I would like to come in and talk to you about this. I have been doing some research on this topic, and have found several resources on possible bible studies we could do. A very highly recommended book that a LOT of websites recommend, and seems to be a standard in Christ centered sexual abuse healing that also has a workbook to go with it, is called “A Wounded Heart” by Dr Dan Allender. There is no video to go with it, but I’ve read the first pages and it seems like a very good book.
There is also a video bible study series called “In the Wildflowers” that seems very good, but it is geared specifically toward women, and I know of at least one man in the church who was severely sexually abused in his childhood, and I’m sure there may be others. I’m not sure if they (or, quite frankly, anyone) would be interested in joining the group, but I’m not sure I would want to exclude them with a bible study that is SO geared toward women. However, a google search toward video bible studies brings up few results of actual video bible studies – they are mostly books, and the above mentioned one seems like the best.
I have drafted a few rules for the group, based on several internet support groups that I belong to, such as confidentiality and safe space rules that I would be glad to come in and discuss with you.
Basically, I’d like to come in and hear your opinions on this matter. If this were something we’d actually do, I would HIGHLY encourage everyone to seek individual counseling. I would go speak to the two counseling centers in town about their rates, and if we can get sliding scales or any type of thing for the people in the groups (I know Unified does sliding scales, but it’s based on income).
Through being in internet support groups, and also being in NA and celebrate recovery, I have learned that there is a tremendous amount of healing in being able to talk to people who have been in the same or similar situations as you, people who ‘get it’. Also, with sexual abuse in particular, the keeping it a dirty little secret hurts us.
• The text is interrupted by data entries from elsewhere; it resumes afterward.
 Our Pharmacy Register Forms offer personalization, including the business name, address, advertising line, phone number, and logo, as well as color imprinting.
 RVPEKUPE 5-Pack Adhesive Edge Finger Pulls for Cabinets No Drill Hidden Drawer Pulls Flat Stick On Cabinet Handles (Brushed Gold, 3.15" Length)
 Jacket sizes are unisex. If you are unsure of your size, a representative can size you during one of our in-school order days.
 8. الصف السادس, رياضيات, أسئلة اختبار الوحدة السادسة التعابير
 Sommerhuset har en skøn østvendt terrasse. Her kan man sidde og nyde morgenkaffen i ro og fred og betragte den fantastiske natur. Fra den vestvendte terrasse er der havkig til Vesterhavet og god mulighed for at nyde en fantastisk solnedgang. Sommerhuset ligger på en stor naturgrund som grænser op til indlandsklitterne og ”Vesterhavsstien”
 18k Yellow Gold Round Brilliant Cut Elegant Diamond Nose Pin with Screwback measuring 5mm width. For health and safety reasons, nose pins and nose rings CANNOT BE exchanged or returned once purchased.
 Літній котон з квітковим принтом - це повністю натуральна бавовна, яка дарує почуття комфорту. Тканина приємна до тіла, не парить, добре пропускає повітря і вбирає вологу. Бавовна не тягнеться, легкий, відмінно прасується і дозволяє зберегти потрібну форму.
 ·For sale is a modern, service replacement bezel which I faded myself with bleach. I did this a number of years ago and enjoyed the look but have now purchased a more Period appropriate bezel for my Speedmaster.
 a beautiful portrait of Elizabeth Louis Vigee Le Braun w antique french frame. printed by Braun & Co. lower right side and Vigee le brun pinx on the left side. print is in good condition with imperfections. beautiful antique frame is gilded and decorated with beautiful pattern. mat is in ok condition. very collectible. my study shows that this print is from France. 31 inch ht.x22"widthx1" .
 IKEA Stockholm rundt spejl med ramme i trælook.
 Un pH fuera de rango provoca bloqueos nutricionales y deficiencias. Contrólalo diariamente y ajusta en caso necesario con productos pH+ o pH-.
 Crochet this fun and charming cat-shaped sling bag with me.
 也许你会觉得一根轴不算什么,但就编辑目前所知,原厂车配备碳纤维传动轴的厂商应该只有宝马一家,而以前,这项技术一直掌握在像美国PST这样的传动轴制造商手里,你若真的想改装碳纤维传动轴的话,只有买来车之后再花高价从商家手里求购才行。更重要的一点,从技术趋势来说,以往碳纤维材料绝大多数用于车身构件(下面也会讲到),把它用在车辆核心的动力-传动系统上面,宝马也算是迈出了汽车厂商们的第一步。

It keeps us ashamed of something that happened TO us, something that we were a victim OF, something that was NOT OUR FAULT, but society (and many times ourselves) makes us feel like it is. There is healing in realizing that it is not our fault, and it is not something we need to hide. Even if we can’t speak it in day to day life, at least we don’t have to hide it from each other.
And I was wondering if you’d be doing any type of message similar to the ‘sex for sale’ thing you did last year (or anything at all with a sexual damaging theme) that an offer for this group can be incorporated into?
Again, these are just my musings that I would like to get your opinions on. I just wanted to jot them all down on this email so that I don’t forget any of them when we talk.
What do you guys think? Do you think this is something that people would feel safe enough/ comfortable enough joining? I feel God's pull on this, so I'm going to start it anyway. If nobody wants to join it, so be it. I'll start it again (or try to) every time the new class schedule comes around and hope that someone gets up the courage to come. They had to do that with Celebrate Recovery, and now we have 10 members.
There are a LOT of victims of sexual abuse, most who hide it, many who are still in pain from it. It's the getting them to admit it and face it that's the problem.
Are there any other points to consider? Anything else I'd need to do in my research? I realize that I'll need to put a lot of work into this beforehand - this is NOT something I would start tomorrow. I will get several books on the subject and start reading them now. I will get the resource that we pick and read it/do the questions/watch the video now so that I can get aquanted with it myself first. This is NOT something to go into blindly, but both of the resources seem to to be very good. And this is NOT a professional setting - just a support group. Again, I would be STRONGLY incouraging everyone who is in the group to be in constant prayer as well as professional counsling. Counsling would NOT be the group's place, although healing and sharing would.